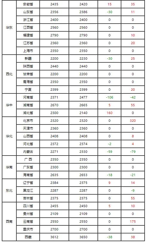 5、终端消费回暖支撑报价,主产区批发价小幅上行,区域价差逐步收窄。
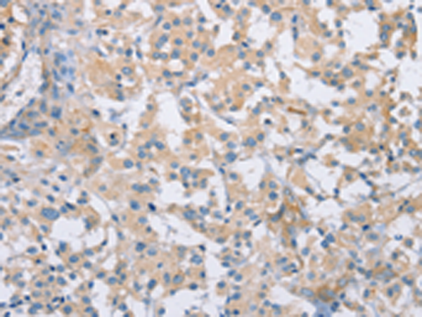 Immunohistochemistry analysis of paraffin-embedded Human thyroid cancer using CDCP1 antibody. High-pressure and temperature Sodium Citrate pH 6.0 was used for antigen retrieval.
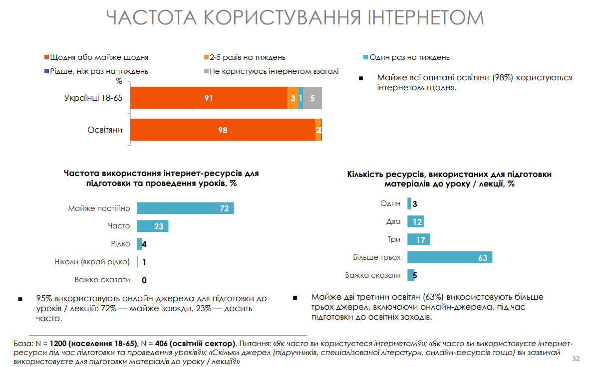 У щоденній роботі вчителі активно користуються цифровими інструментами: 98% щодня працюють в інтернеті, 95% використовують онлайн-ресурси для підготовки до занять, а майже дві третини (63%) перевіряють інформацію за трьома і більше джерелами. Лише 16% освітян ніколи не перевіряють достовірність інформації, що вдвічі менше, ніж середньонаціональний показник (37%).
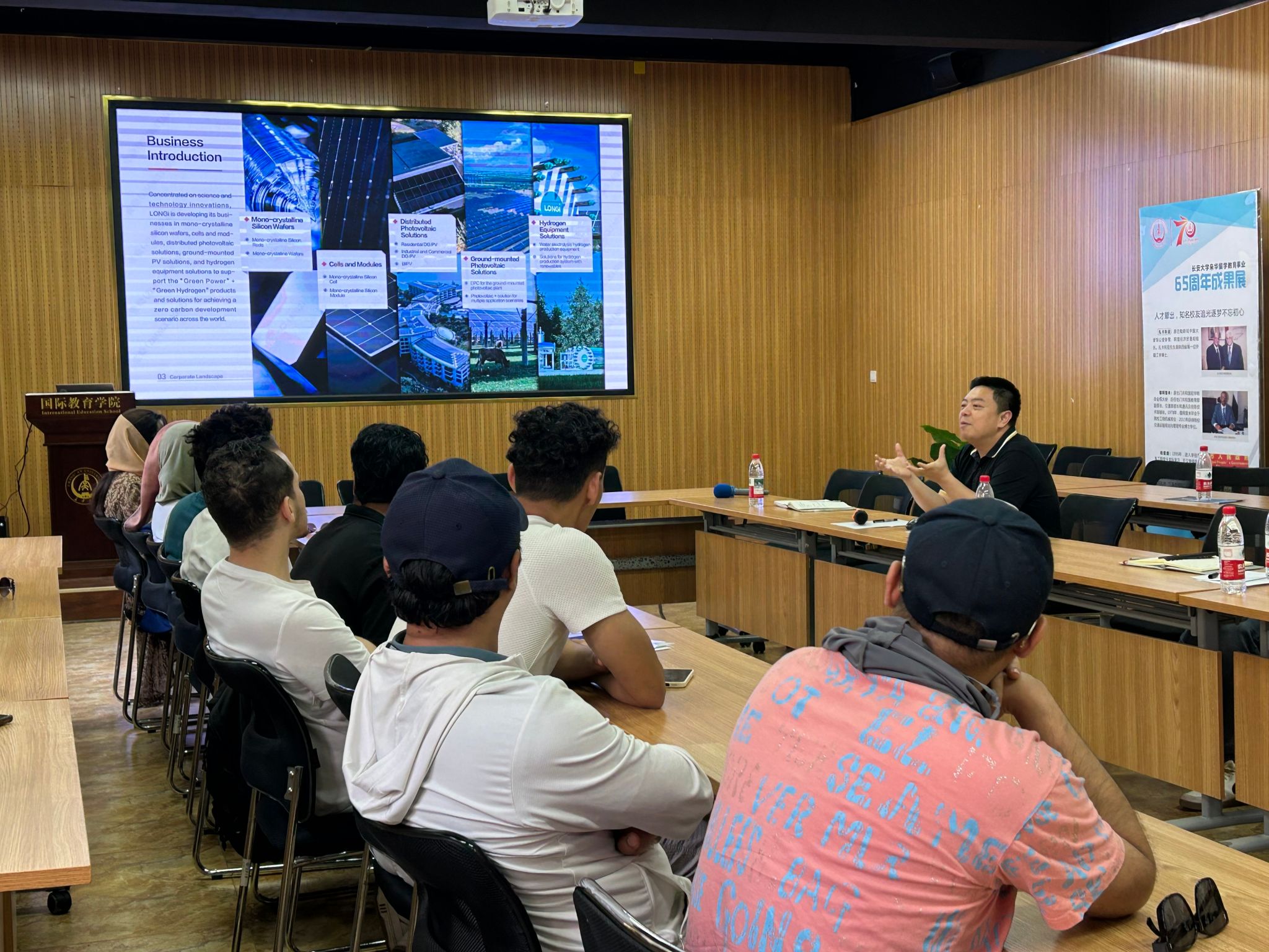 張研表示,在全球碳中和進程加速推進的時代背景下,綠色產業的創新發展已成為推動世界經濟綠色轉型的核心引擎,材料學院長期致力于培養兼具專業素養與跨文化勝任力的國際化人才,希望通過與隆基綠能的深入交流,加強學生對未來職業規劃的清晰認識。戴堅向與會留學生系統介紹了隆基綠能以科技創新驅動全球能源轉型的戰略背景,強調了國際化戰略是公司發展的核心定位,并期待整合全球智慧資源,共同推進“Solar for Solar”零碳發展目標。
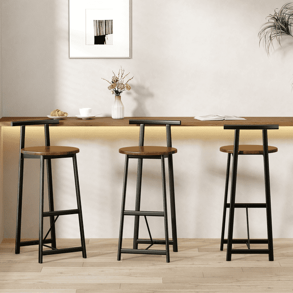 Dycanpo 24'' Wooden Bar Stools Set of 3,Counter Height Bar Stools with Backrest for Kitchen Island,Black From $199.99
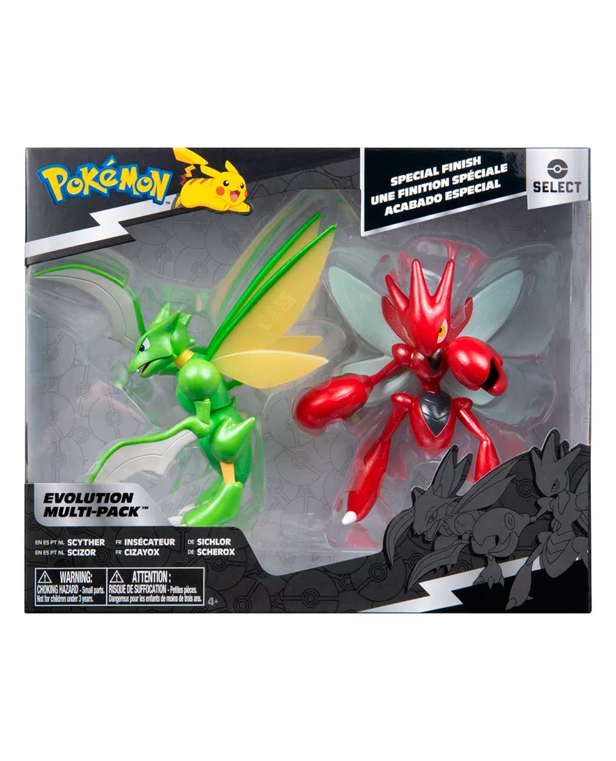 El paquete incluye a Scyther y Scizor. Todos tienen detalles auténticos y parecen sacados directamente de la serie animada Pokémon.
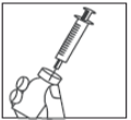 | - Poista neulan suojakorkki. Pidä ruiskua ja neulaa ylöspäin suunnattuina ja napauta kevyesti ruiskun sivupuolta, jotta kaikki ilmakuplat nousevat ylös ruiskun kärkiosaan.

- - -

Repeat exactly the line containing "У щоденній роботі" and every line after it through the end of the records, and nothing else. Leave the pictures out.

▶ **TASK RESPONSE**
 У щоденній роботі вчителі активно користуються цифровими інструментами: 98% щодня працюють в інтернеті, 95% використовують онлайн-ресурси для підготовки до занять, а майже дві третини (63%) перевіряють інформацію за трьома і більше джерелами. Лише 16% освітян ніколи не перевіряють достовірність інформації, що вдвічі менше, ніж середньонаціональний показник (37%).
 張研表示,在全球碳中和進程加速推進的時代背景下,綠色產業的創新發展已成為推動世界經濟綠色轉型的核心引擎,材料學院長期致力于培養兼具專業素養與跨文化勝任力的國際化人才,希望通過與隆基綠能的深入交流,加強學生對未來職業規劃的清晰認識。戴堅向與會留學生系統介紹了隆基綠能以科技創新驅動全球能源轉型的戰略背景,強調了國際化戰略是公司發展的核心定位,并期待整合全球智慧資源,共同推進“Solar for Solar”零碳發展目標。
 Dycanpo 24'' Wooden Bar Stools Set of 3,Counter Height Bar Stools with Backrest for Kitchen Island,Black From $199.99
 El paquete incluye a Scyther y Scizor. Todos tienen detalles auténticos y parecen sacados directamente de la serie animada Pokémon.
 | - Poista neulan suojakorkki. Pidä ruiskua ja neulaa ylöspäin suunnattuina ja napauta kevyesti ruiskun sivupuolta, jotta kaikki ilmakuplat nousevat ylös ruiskun kärkiosaan.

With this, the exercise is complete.